=== Action item ===
Of the lines below, write out exactly those from the line with "Valise rigide couleur" through the line with "Сессия Исполнительного комитета", both included, and skip the rest.

=== Data to use ===
————————

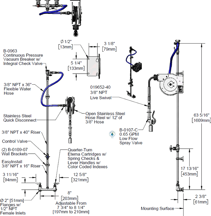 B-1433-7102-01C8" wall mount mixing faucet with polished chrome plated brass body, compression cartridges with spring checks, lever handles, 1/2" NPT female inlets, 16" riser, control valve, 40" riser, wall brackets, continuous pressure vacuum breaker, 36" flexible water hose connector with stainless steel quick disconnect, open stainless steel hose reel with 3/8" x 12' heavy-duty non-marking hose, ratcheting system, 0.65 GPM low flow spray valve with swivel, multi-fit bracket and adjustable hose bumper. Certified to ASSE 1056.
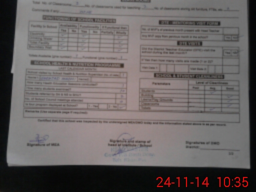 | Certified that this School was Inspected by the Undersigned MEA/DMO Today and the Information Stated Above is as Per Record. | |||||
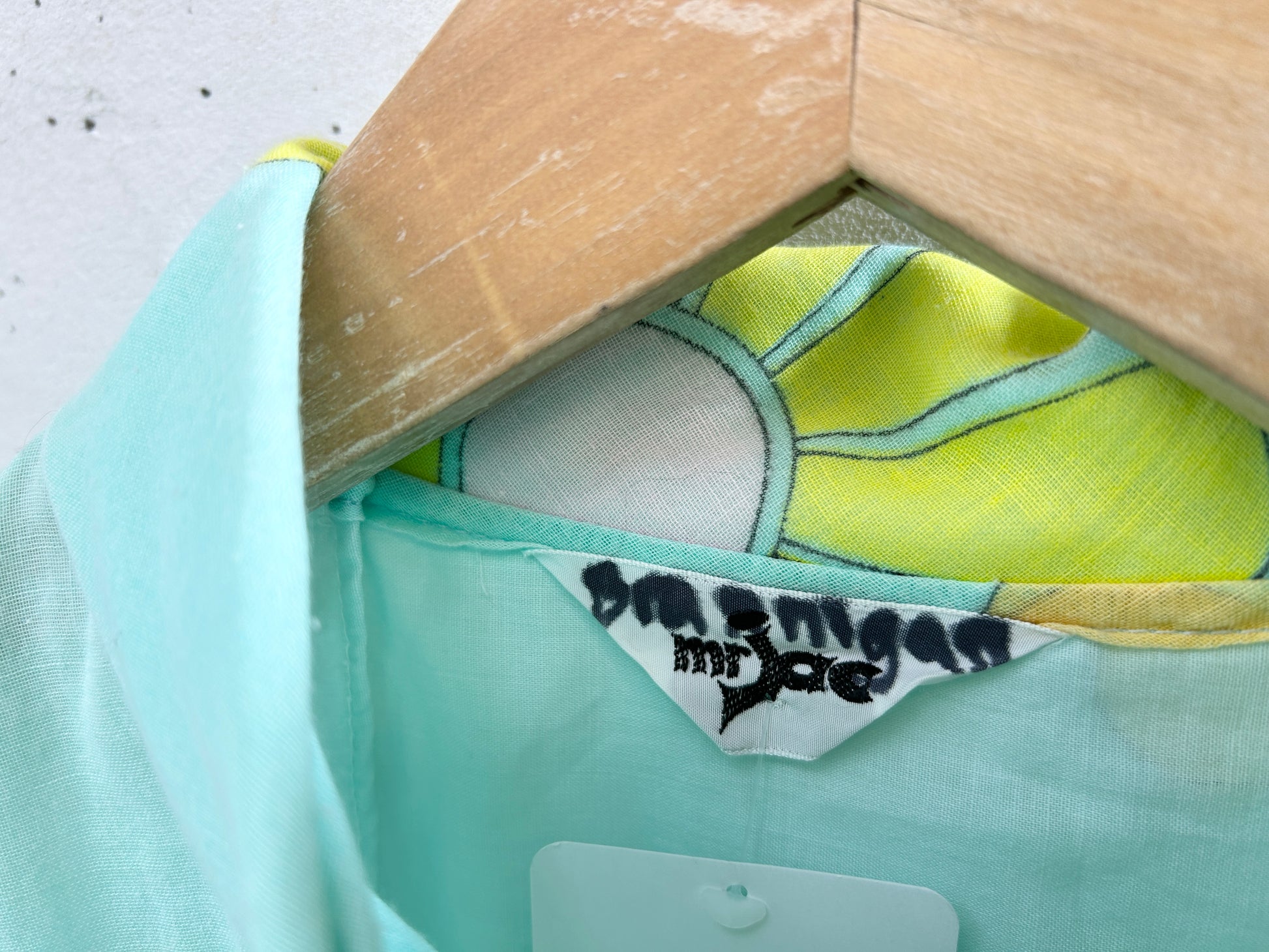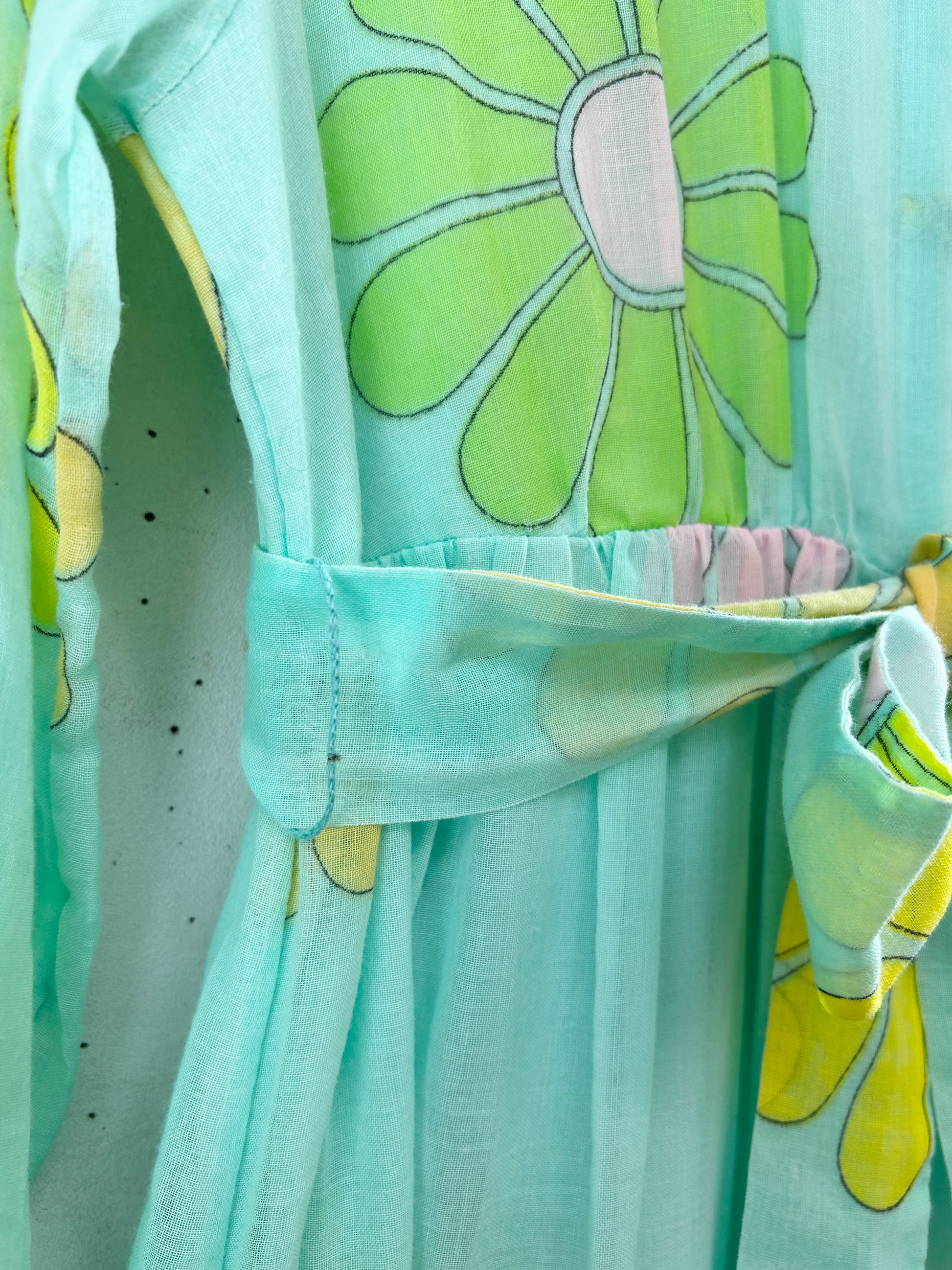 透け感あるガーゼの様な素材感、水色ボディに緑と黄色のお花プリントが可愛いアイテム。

————————

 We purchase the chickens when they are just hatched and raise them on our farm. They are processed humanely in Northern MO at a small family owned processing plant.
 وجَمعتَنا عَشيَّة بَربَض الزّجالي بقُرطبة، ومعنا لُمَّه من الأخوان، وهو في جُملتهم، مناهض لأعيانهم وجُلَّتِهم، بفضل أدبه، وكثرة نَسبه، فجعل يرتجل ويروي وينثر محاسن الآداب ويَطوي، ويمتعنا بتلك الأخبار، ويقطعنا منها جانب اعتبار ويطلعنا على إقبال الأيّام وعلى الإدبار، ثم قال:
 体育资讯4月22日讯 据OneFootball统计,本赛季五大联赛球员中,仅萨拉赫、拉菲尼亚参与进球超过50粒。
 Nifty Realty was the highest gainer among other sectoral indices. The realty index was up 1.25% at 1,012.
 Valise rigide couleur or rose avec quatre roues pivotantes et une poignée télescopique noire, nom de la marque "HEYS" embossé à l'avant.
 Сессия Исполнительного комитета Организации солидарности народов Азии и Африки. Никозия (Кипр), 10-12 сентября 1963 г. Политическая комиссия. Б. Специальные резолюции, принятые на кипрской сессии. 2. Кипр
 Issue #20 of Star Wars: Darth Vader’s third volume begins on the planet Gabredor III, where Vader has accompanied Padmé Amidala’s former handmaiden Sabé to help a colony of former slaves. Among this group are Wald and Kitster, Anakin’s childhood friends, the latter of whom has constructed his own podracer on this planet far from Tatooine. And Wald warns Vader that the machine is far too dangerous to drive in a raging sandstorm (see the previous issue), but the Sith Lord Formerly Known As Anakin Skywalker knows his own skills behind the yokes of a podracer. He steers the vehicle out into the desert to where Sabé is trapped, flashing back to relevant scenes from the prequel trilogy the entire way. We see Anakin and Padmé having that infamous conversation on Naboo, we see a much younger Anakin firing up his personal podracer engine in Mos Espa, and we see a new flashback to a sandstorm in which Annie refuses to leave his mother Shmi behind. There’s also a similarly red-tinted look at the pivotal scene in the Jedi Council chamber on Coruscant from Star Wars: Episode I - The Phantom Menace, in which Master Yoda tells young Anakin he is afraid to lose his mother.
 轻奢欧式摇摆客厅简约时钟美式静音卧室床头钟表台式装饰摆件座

————————

=== Problem solution ===
 Valise rigide couleur or rose avec quatre roues pivotantes et une poignée télescopique noire, nom de la marque "HEYS" embossé à l'avant.
 Сессия Исполнительного комитета Организации солидарности народов Азии и Африки. Никозия (Кипр), 10-12 сентября 1963 г. Политическая комиссия. Б. Специальные резолюции, принятые на кипрской сессии. 2. Кипр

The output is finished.